Verbatim, and with nothing else, reproduce the data below from its first line through the line containing "Babero especial con".

*** Opening DATA ***

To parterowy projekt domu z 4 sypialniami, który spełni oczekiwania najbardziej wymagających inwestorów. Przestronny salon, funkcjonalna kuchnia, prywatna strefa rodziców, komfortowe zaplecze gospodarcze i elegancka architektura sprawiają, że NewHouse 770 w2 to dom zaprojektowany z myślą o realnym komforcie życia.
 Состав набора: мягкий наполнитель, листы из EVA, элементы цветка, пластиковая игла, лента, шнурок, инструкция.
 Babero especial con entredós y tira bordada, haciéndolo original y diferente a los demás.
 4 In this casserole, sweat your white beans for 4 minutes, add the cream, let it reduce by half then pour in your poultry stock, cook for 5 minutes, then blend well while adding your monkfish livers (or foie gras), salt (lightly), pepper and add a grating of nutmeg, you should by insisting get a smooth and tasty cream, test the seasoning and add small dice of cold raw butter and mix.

*** Closing DATA ***

THE COMPLETED TASK »
To parterowy projekt domu z 4 sypialniami, który spełni oczekiwania najbardziej wymagających inwestorów. Przestronny salon, funkcjonalna kuchnia, prywatna strefa rodziców, komfortowe zaplecze gospodarcze i elegancka architektura sprawiają, że NewHouse 770 w2 to dom zaprojektowany z myślą o realnym komforcie życia.
 Состав набора: мягкий наполнитель, листы из EVA, элементы цветка, пластиковая игла, лента, шнурок, инструкция.
 Babero especial con entredós y tira bordada, haciéndolo original y diferente a los demás.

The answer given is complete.